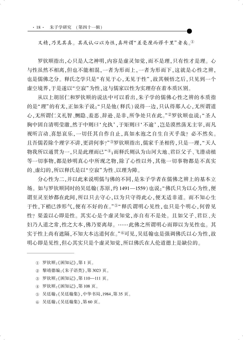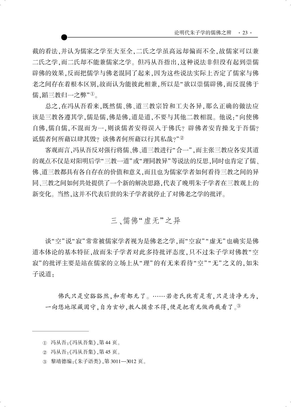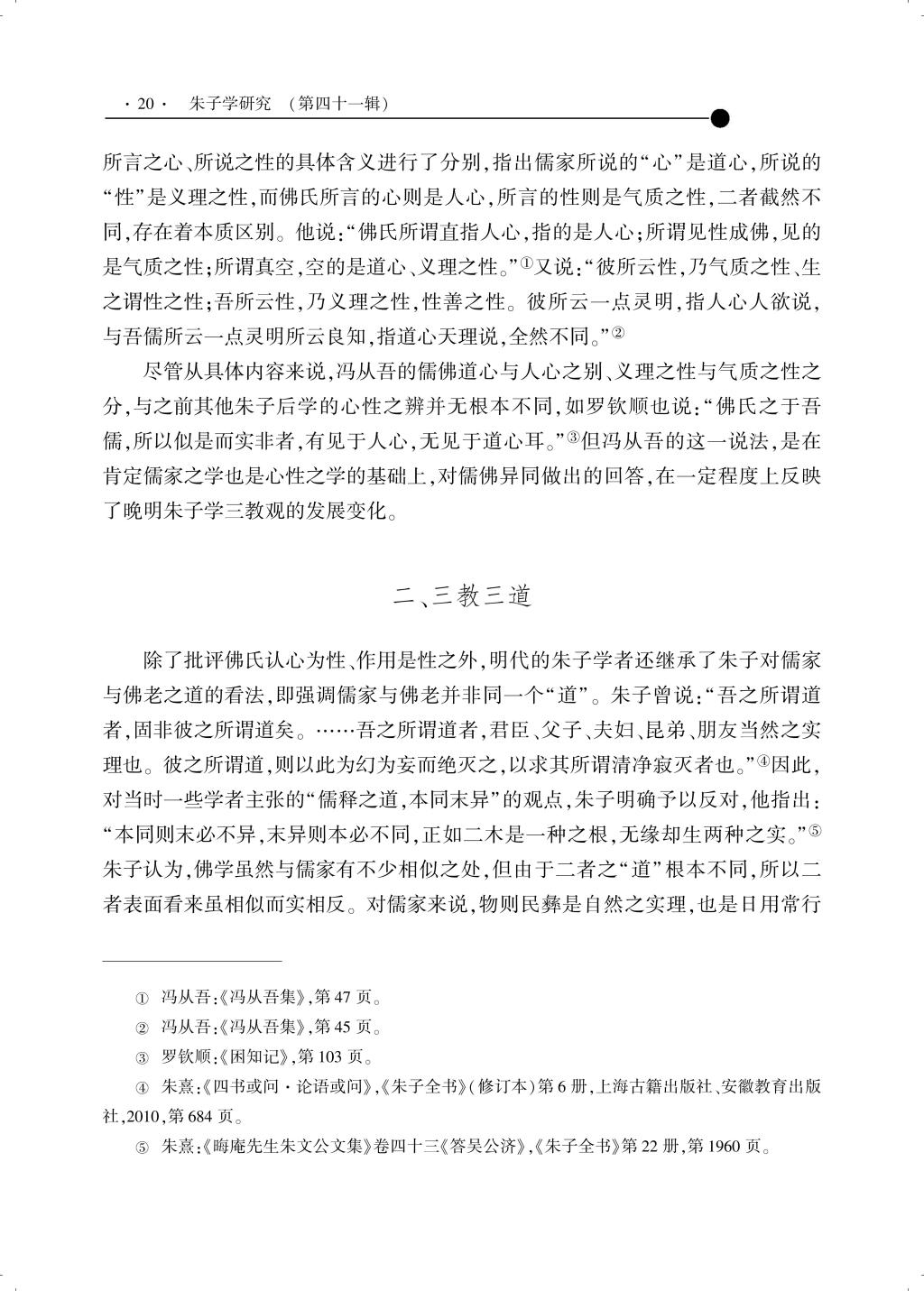 文章从心性之分、三教三道、儒佛“虚无”之异三个方面对于儒家与佛氏的思想进行辨析,指出明代朱子学者的儒佛之辨,其主要观点基本上是继承自朱子,体现了朱子学在三教异同这一问题上所具有的相对稳定性。不过,随着中晚明阳明学的兴起和三教融合在心性义理上的进一步深入,朱子学者在对儒佛异同的看法上也发生了一些新的变化。
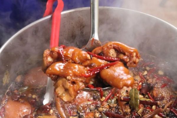 鹵制方法:將肉湯倒入干凈的鹵鍋中,另將八角、桂皮、甘草、陳皮、丁香、草果、小茴香、花椒、枸杞等用紗布包好成香料包,放入鹵鍋中,再加入鮮姜、香茅草、壓破的蜜棗、干蔥頭、拍破的生姜,調入精鹽、蠔油、糖色、料酒、十三香、泡椒節等,上火用大火燒開,打去浮沫,改用中小火熬約1小時,待充分入味后,再調入味精、雞精即成鹵水待用。
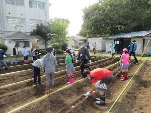 10/27(火)、4年生が青少年活動サポーターの皆様を講師にお招きし、麦まきを行いました。
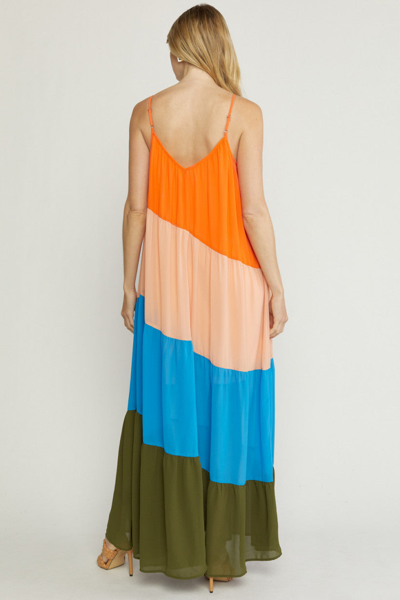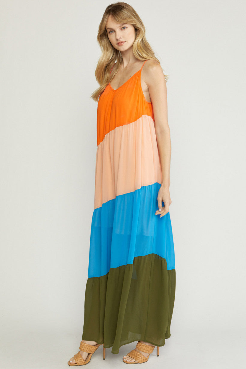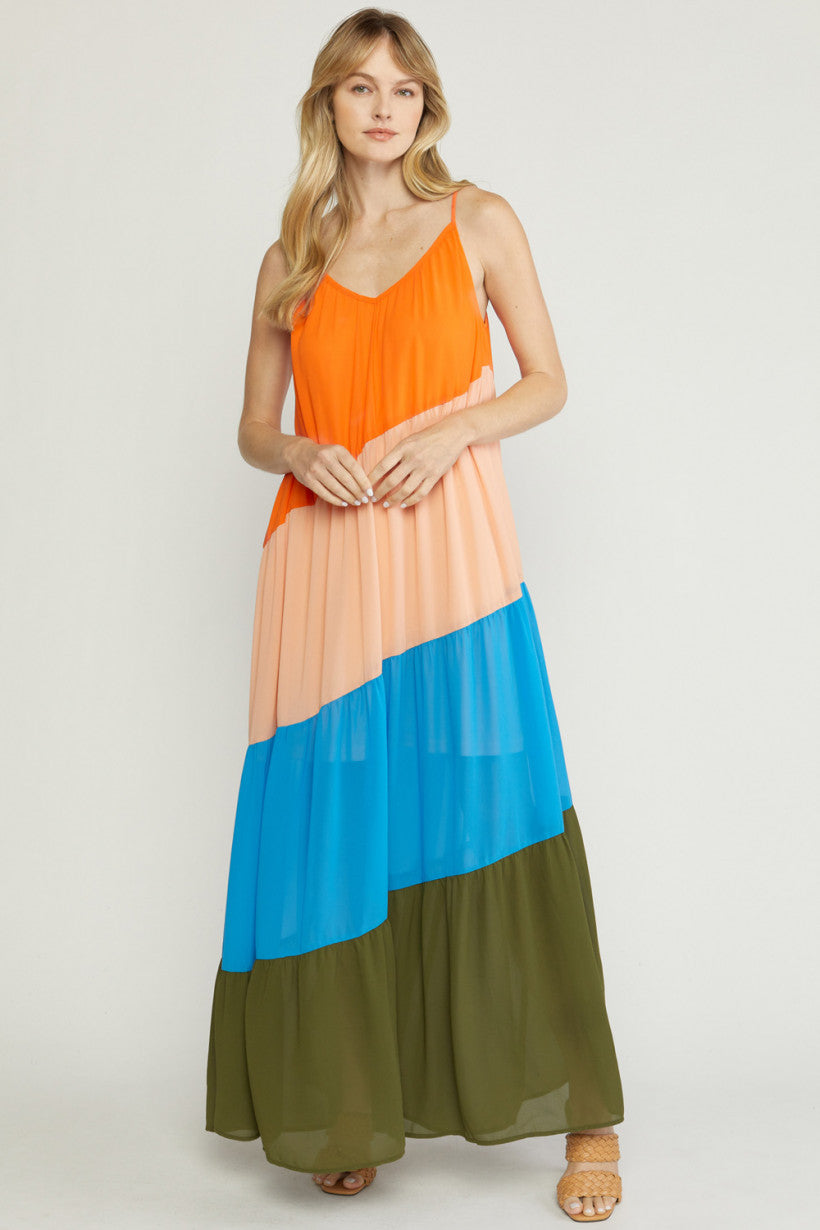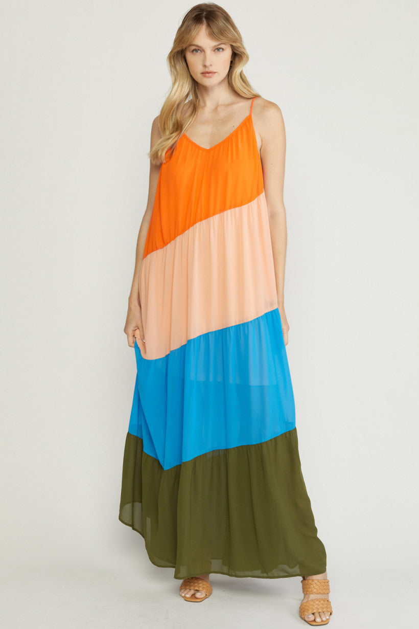 Color block v-neck maxi dress featuring adjustable straps. Lined. Woven. Semi-sheer. Lightweight.
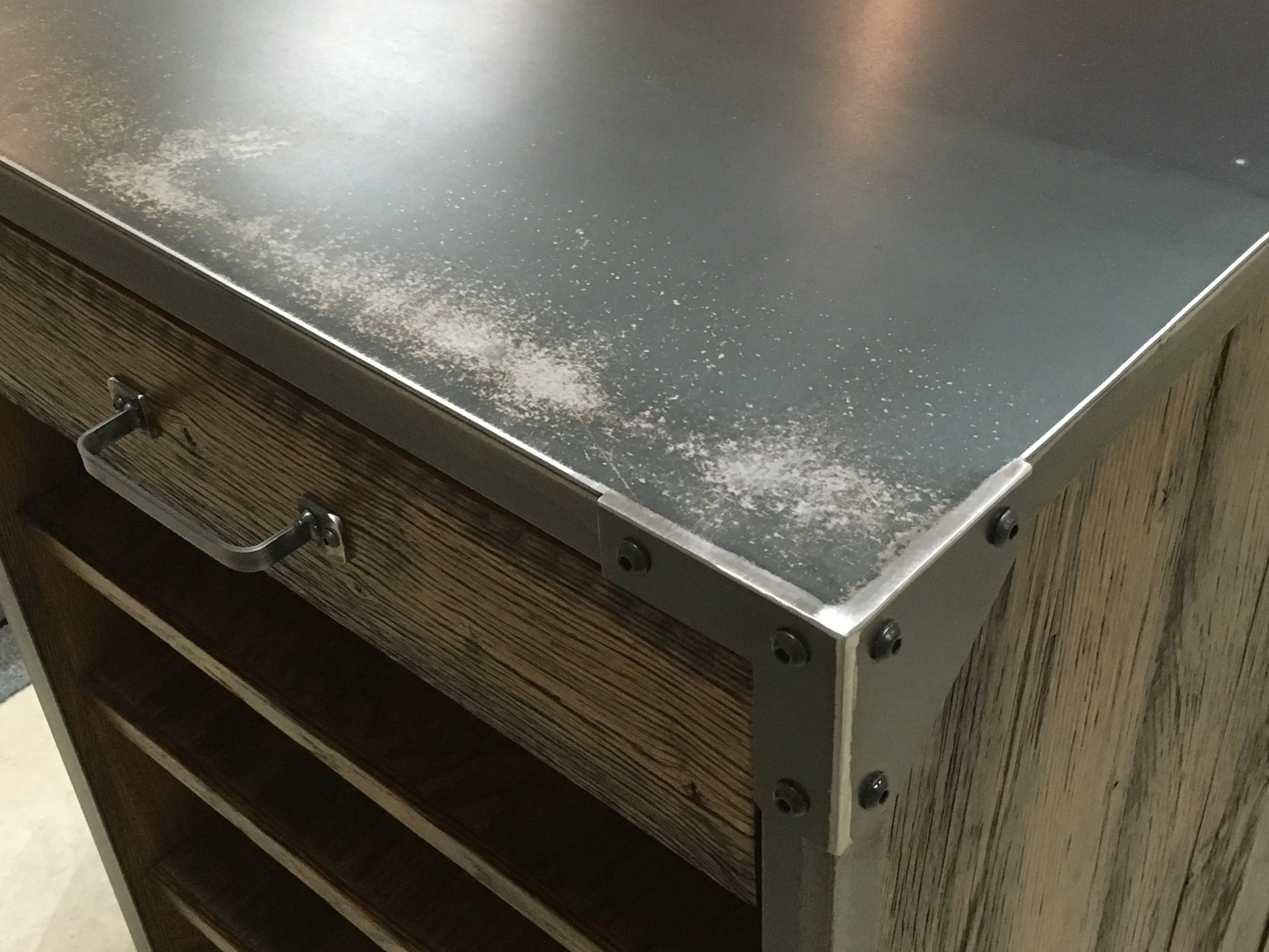 Reclaimed oak barnwood and raw steel create a unique yet very functional cabinet for Carefree Buffalo’s cash register. The top drawer and adjustable shelving provide ample storage for point of sale supplies.

========================================================================

Everything from the line holding "鹵制方法:將肉湯倒入干凈的鹵" to the close of the records should be written out exactly, both ends included, with pictures omitted.

§ **Output below**:
 鹵制方法:將肉湯倒入干凈的鹵鍋中,另將八角、桂皮、甘草、陳皮、丁香、草果、小茴香、花椒、枸杞等用紗布包好成香料包,放入鹵鍋中,再加入鮮姜、香茅草、壓破的蜜棗、干蔥頭、拍破的生姜,調入精鹽、蠔油、糖色、料酒、十三香、泡椒節等,上火用大火燒開,打去浮沫,改用中小火熬約1小時,待充分入味后,再調入味精、雞精即成鹵水待用。
 10/27(火)、4年生が青少年活動サポーターの皆様を講師にお招きし、麦まきを行いました。
 Color block v-neck maxi dress featuring adjustable straps. Lined. Woven. Semi-sheer. Lightweight.
 Reclaimed oak barnwood and raw steel create a unique yet very functional cabinet for Carefree Buffalo’s cash register. The top drawer and adjustable shelving provide ample storage for point of sale supplies.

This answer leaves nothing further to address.